Maybe place this function above xe_device_td_flush,
since xe_device_td_flush uses this function as a separate
execution path if the workaround is applied.  Otherwise:
Reviewed-by: Jonathan Cavitt <jonathan.cavitt at intel.com>
-Jonathan Cavitt

> +{
> +	struct xe_gt *gt;
> +	int err;
> +
> +	gt = xe_root_mmio_gt(xe);
> +
> +	if (!XE_WA(gt, 16023588340))
> +		return;
> +
> +	err = xe_force_wake_get(gt_to_fw(gt), XE_FW_GT);
> +	if (err)
> +		return;
> +
> +	xe_mmio_write32(gt, XE2_GLOBAL_INVAL, 0x1);
> +
> +	if (xe_mmio_wait32(gt, XE2_GLOBAL_INVAL, 0x1, 0x0, 150, NULL, true))
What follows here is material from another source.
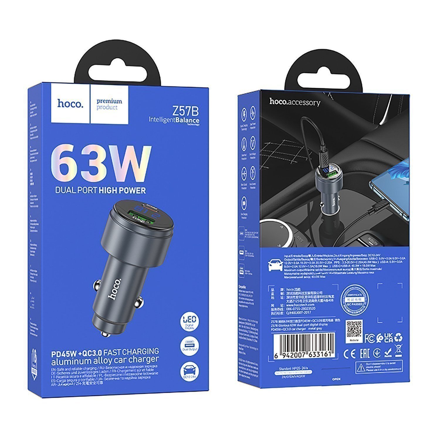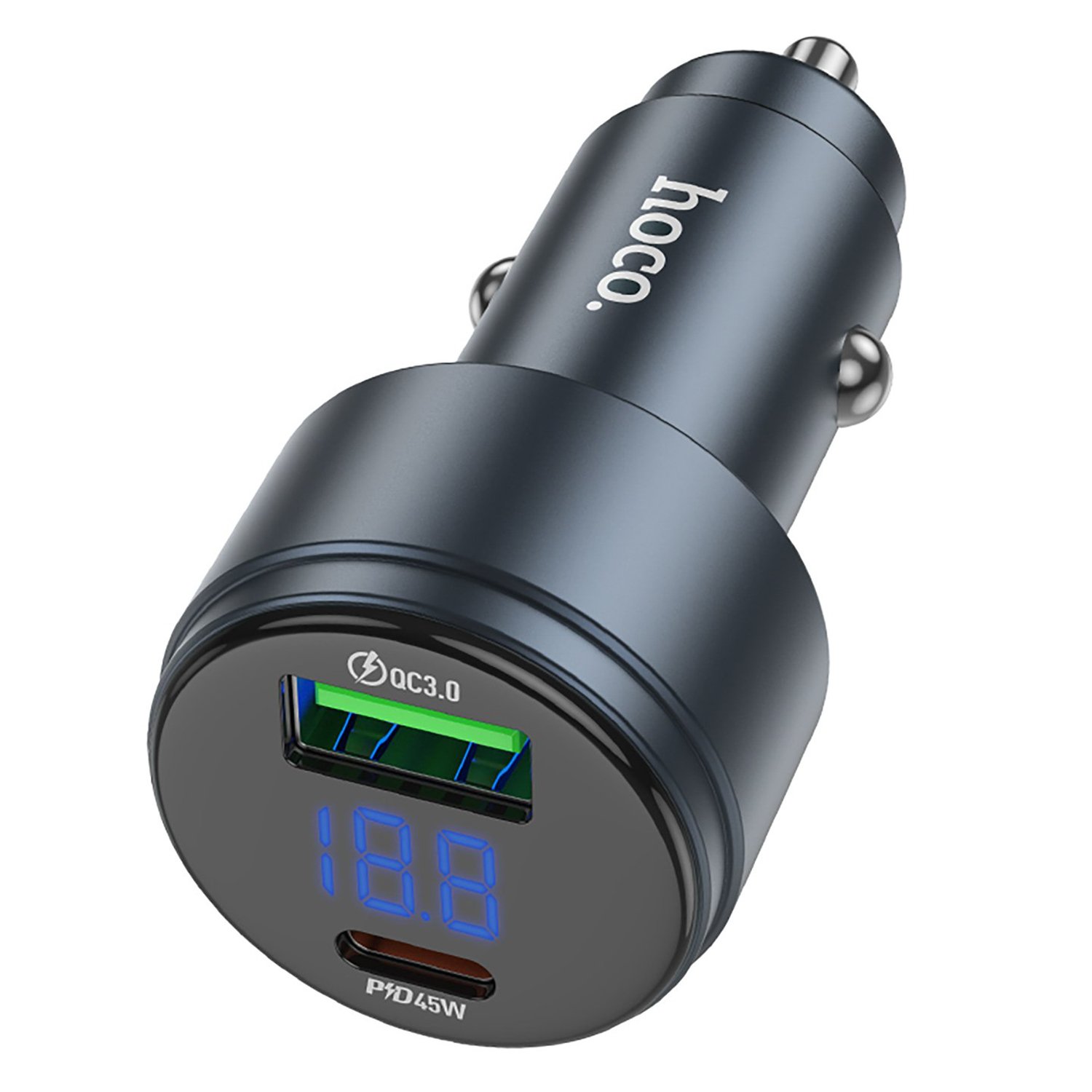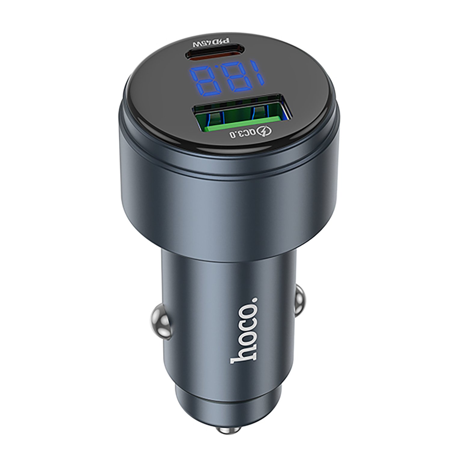 Адаптер Автомобильный Hoco Z57B Glorious 63W PD45W+QC3.0 USB/Type-C/5V/3A (metal gray)
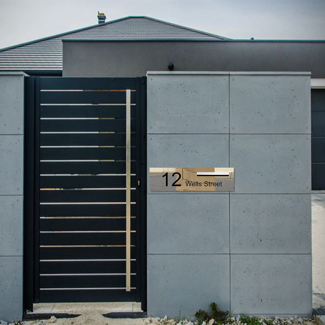 A statement‑finish mirror‑polished 316 stainless faceplate, 900 × 250mm, with a 340mm mail slot. Laser‑etched address text produces a crisp, permanent mark on the high‑gloss surface.

> +		xe_gt_err_once(gt, "Global invalidation timeout\n");
> +
> +	xe_force_wake_put(gt_to_fw(gt), XE_FW_GT);
> +}
> +
>  u32 xe_device_ccs_bytes(struct xe_device *xe, u64 size)
>  {
>  	return xe_device_has_flat_ccs(xe) ?
> diff --git a/drivers/gpu/drm/xe/xe_device.h b/drivers/gpu/drm/xe/xe_device.h
> index bb07f5669dbb..0a2a3e7fd402 100644
> --- a/drivers/gpu/drm/xe/xe_device.h
> +++ b/drivers/gpu/drm/xe/xe_device.h
> @@ -162,6 +162,7 @@ u64 xe_device_canonicalize_addr(struct xe_device *xe, u64 address);
>  u64 xe_device_uncanonicalize_addr(struct xe_device *xe, u64 address);
>  
>  void xe_device_td_flush(struct xe_device *xe);
> +void xe_device_l2_flush(struct xe_device *xe);
>  
>  static inline bool xe_device_wedged(struct xe_device *xe)
>  {
> diff --git a/drivers/gpu/drm/xe/xe_gt.c b/drivers/gpu/drm/xe/xe_gt.c
> index 57d84751e160..32268f13b82e 100644
> --- a/drivers/gpu/drm/xe/xe_gt.c
> +++ b/drivers/gpu/drm/xe/xe_gt.c
> @@ -10,6 +10,8 @@
>  #include <drm/drm_managed.h>
>  #include <drm/xe_drm.h>
>  
> +#include <generated/xe_wa_oob.h>
> +
>  #include "instructions/xe_gfxpipe_commands.h"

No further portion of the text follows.